The ATU’s industry-leading apprenticeship programs have played a critical role in training our members.  Our apprenticeships not only provide individuals with the opportunity to learn and master specific skills but also contribute significantly to the overall development of a highly skilled workforce.

As a U.S. Department of Labor Apprenticeship Ambassador, our apprenticeships prioritize hands-on experience, mentorship, and classroom instruction to create a comprehensive learning environment that equips our members with the expertise needed to excel.

As pillars of professional development, ATU apprenticeships stand as a key driver of both individual success and the well-being of the communities we serve. Under International President John Costa’s leadership, the ATU has prioritized these programs by offering International support through staffing, expertise, logistics, and anything else our Locals and members need. We highlight a few of these innovative programs at Locals across our Union.


Establishing Bus Operators as Skilled Labor

Before 2015, all bus operators in this country were considered unskilled by the U.S. Department of Labor. Recognizing the skills, knowledge, and experience needed to be a successful bus operator, our Local 265-San Jose, CA, and its transit agency, Santa Clara Valley Transit Authority (VTA), along with other industry partners, worked with the DOL to reclassify bus operators as a profession and create a groundbreaking bus operator apprenticeship program. Since its inception, more than 1000 operators now hold Journey worker cards as professional coach operators, and some are even receiving as many as 18 College units after graduating from the Local’s apprenticeship program. In addition, the Local 265 bus operator apprenticeship program has sparked other ATU Locals to create similar programs.


Local 1070–Indianapolis, IN, Teams with IndyGo and Ivy Tech

Our Local 1070-Indianapolis, IN, joined with IndyGo, along with Ivy Tech Community College, to develop apprenticeship and mentorship programs for our members. International President Costa has the opportunity to see these successful programs firsthand on a trip to visit our Local.

“I heard about the great apprenticeship and mentorship programs here at IndyGo and wanted to come check them out. I’m impressed with the success here. I can see the pride and commitment. I can see how these programs are changing the lives of our members while helping to address the shortage of workers at IndyGo,” said Costa. “Your programs work because we are at the table to create them. Our members know the jobs better than anyone.
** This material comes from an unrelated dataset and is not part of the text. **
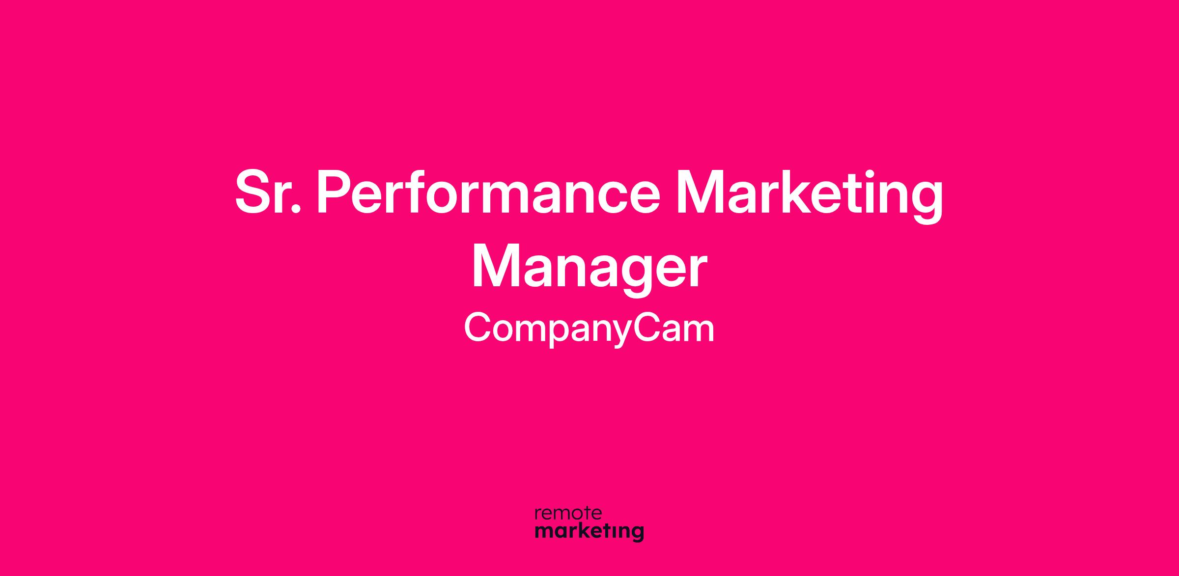 We're looking for a Sr. Performance Marketing Manager to accelerate CompanyCam’s growth by building and optimizing full-funnel marketing strategies that connect creative, media, and web experiences into scalable systems. You’ll join a collaborative, fast-moving marketing team focused on driving measurable impact through data-driven decision-making, experimentation, and continuous improvement. In this role, you’ll lead strategic planning, guide campaign execution across key channels, mentor marketers, and unlock insights that fuel our acquisition and revenue goals. Your work will directly shape our approach to paid media, testing, and performance analytics, ensuring we hit our growth targets.

These programs can serve as a model for our Locals and transit agencies across North America.”

One of the programs the Local is partnering with Ivy Tech Community College and IndyGo is to provide our members who are IndyGo diesel apprentices with a pathway to a technical certificate from Ivy Tech in diesel technology. The skills and experience of our Local diesel mechanics played a critical role in developing this apprenticeship at Ivy Tech, the first of its kind at the college within the transportation/logistics sector, specifically diesel technology.


Local 689 – Washington, DC

Our Local 689-Washington, DC, has developed successful joint labor-management apprenticeship and mentorship programs at WMATA and Fairfax Connector to continue expanding our Union’s workforce development programs across North America.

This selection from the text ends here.